Una pensava di essere una grande peccatrice.
Nei primi anni del suo matrimonio aveva tradito la fiducia del marito.
Non riusciva a dimenticare quella colpa, anche se poi si era sempre comportata in modo irreprensibile, e continuava a torturarsi per il rimorso.
La seconda invece, che era sempre vissuta nel rispetto delle leggi, si sentiva perfettamente innocente e in pace con se stessa.

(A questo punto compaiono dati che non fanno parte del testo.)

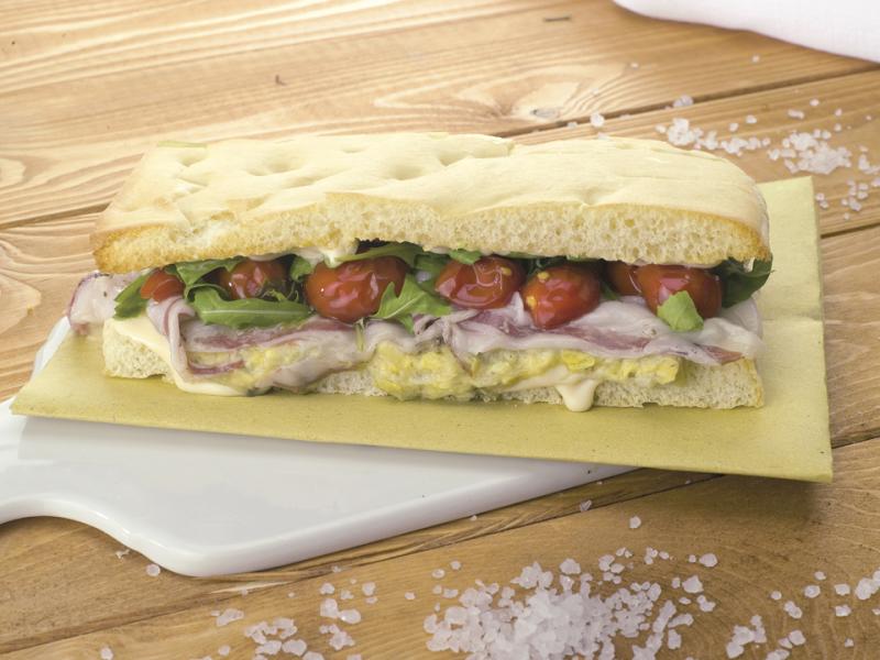 Tagliare la Focaccia orizzontalmente. Spalmare la Crema ai formaggi  su un lato e la Salsa di cuori di carciofo sull'altro. Farcire con pancetta affumicata e pomodori Dorati. Cuocere in forno a 200°C per 3-4 minuti.

Il saggio si fece raccontare la vita di tutte e due.

La prima raccontò tra le lacrime la sua grossa colpa.
Diceva, singhiozzando, che per lei non poteva esserci perdono, perché troppo grande era il suo peccato.
La seconda disse che non aveva particolari peccati da confessare.
Il sant’uomo si rivolse alla prima:
“Figliola, vai a cercare una pietra, la più pesante e grossa che riesci a sollevare e portamela qui!”
Poi, rivolto alla seconda:
“E tu, portami tante pietre quante riesci a tenerne in grembo, ma che siano piccole.”
Le due donne sì affrettarono a eseguire l’ordine del saggio.
La prima tornò con una grossa pietra, la seconda con un’enorme borsa piena di piccoli sassi.

Il saggio guardò le pietre e poi disse:

“Ora dovete fare un’altra cosa:
riportate le pietre dove le avete prese, ma badate bene di rimettere ognuna di esse nel posto esatto dove l’avete presa.
Poi tornate da me.”
Pazientemente, le due donne cercarono di eseguire l’ordine del saggio.
La prima trovò facilmente il punto dove aveva preso la pietrona e la rimise a posto.
La seconda invece girava invano, cercando di ricordarsi dove aveva raccattato le piccole pietre della sua borsa.
Era chiaramente un compito impossibile e tornò mortificata dal saggio con tutte le sue pietre.

Il sant’uomo sorrise e disse:

“Succede la stessa cosa con i peccati.
Tu,” disse rivolto alla prima donna, “hai facilmente rimesso a posto la tua pietra perché sapevi dove l’avevi presa:
hai riconosciuto il tuo peccato, hai ascoltato umilmente i rimproveri della gente e della tua coscienza, e hai riparato grazie al tuo pentimento.
Tu, invece,” disse alla seconda, “non sai dove hai preso tutte le tue pietre, come non hai saputo accorgerti dei tuoi piccoli peccati.
Magari hai condannato le grosse colpe degli altri e sei rimasta invischiata nelle tue, perché non hai saputo vederle!”